TASK BRIEF -> When you reach the line containing "古代藤蔓不仅是一种自然植物,更是一种富有", begin reproducing the lines exactly and continue through the end of the listing, leaving out the pictures.

INFORMATION SUPPLIED ->
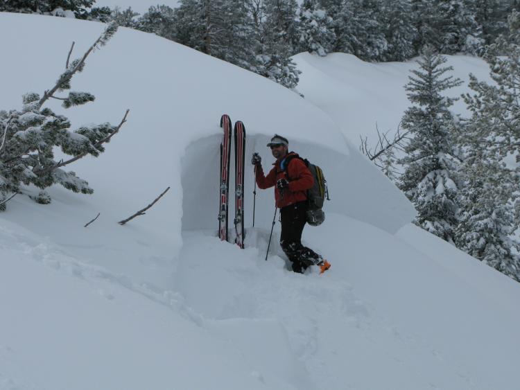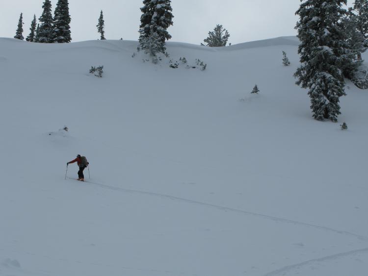 Darren is using the avalanche as a fairly safe route to the ridge. There is not any unstable snow left on this route...
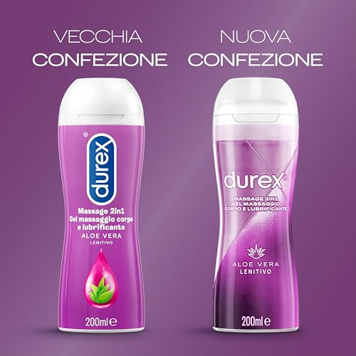 Dettagli: Descrizione Durex Massage 2 in 1 è un gel lubrificante intimo a base acquosa, pensato per massaggi rilassanti e per i momenti più intimi. Grazie all'azione lenitiva dell'aloe vera, puoi usarlo sulle parti intime esterne per ridurne la secchezza durante i rapporti sessuali, per un maggior piacere. Ha una formula delicata e senza profumo, si lava via facilmente, non macchia, non unge. Il gel lubrificante Durex Massage 2 in 1 è compatibile con il lattice del profilattico, ma non è un contraccettivo e non contiene spermicida. Usalo con i preservativi Durex per un piacere sempre sicuro, e con la gamma di sex toys per un'esperienza intensa. A ph fisiologico, in caso di irritazione o altri fenomeni allergici, consultare un medico. Evitare il contatto con gli occhi. I Gel Durex sono dermatologicamente testati e sono testati elettronicamente al 100%. Devono essere conservati in luogo fresco e asciutto, lontano da fonti di calore. La confezione contiene un flacone di "Durex "Massage 2 in 1" da 200ml, e viene spedito in un imballaggio anonimo per garantire la tua privacy. Ingredienti Aqua Propylene glycol Benzoic acid Aloe barbadensis leaf juice Sodium saccharin Sodium hydroxide Hydroxyethylcellulose Indicazioni Applicare una piccola quantità di gel lubrificante sull'area desiderata. Avviso di sicurezza Tenere fuori dalla portata dei bambini. Evitare il contatto con la pelle e gli occhi. In caso di ingestione, cercare un aiuto medico immediato. Contenuto della confezione Confezione da 200ml
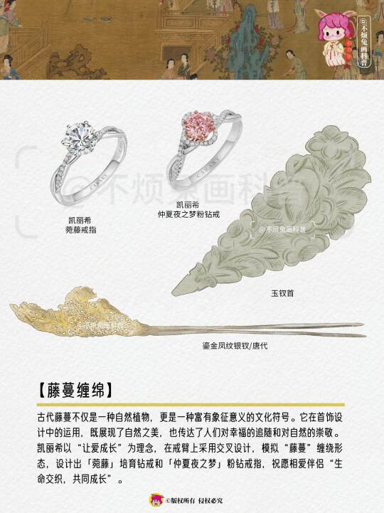 古代藤蔓不仅是一种自然植物,更是一种富有象征意义的文化符号。它在首饰设计中的运用,既展现了自然之美,也传达了人们对幸福的追随和对自然的崇敬。凯丽希以“让爱成长”为理念,在戒臂上采用交叉设计,模拟“藤蔓”缠绕形态,设计出「菀藤」培育钻戒和「仲夏夜之梦」粉钻戒指,祝愿相爱伴侣“生命交织,共同成长”。
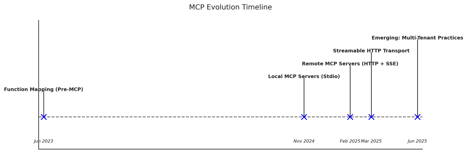 Over the past year, the integration of agentic AI tools has accelerated dramatically. We’ve moved from manual function mappings and fragile plugin APIs to standardized, protocol-driven interfaces. MCP helped streamline this evolution, beginning with local execution and expanding to remote communication over HTTP. Now, streamable communication and early patterns of multi-users are changing how agents interact with their environment. We illustrate this evolution in Figure 1 below.

REPLY ->
 古代藤蔓不仅是一种自然植物,更是一种富有象征意义的文化符号。它在首饰设计中的运用,既展现了自然之美,也传达了人们对幸福的追随和对自然的崇敬。凯丽希以“让爱成长”为理念,在戒臂上采用交叉设计,模拟“藤蔓”缠绕形态,设计出「菀藤」培育钻戒和「仲夏夜之梦」粉钻戒指,祝愿相爱伴侣“生命交织,共同成长”。
 Over the past year, the integration of agentic AI tools has accelerated dramatically. We’ve moved from manual function mappings and fragile plugin APIs to standardized, protocol-driven interfaces. MCP helped streamline this evolution, beginning with local execution and expanding to remote communication over HTTP. Now, streamable communication and early patterns of multi-users are changing how agents interact with their environment. We illustrate this evolution in Figure 1 below.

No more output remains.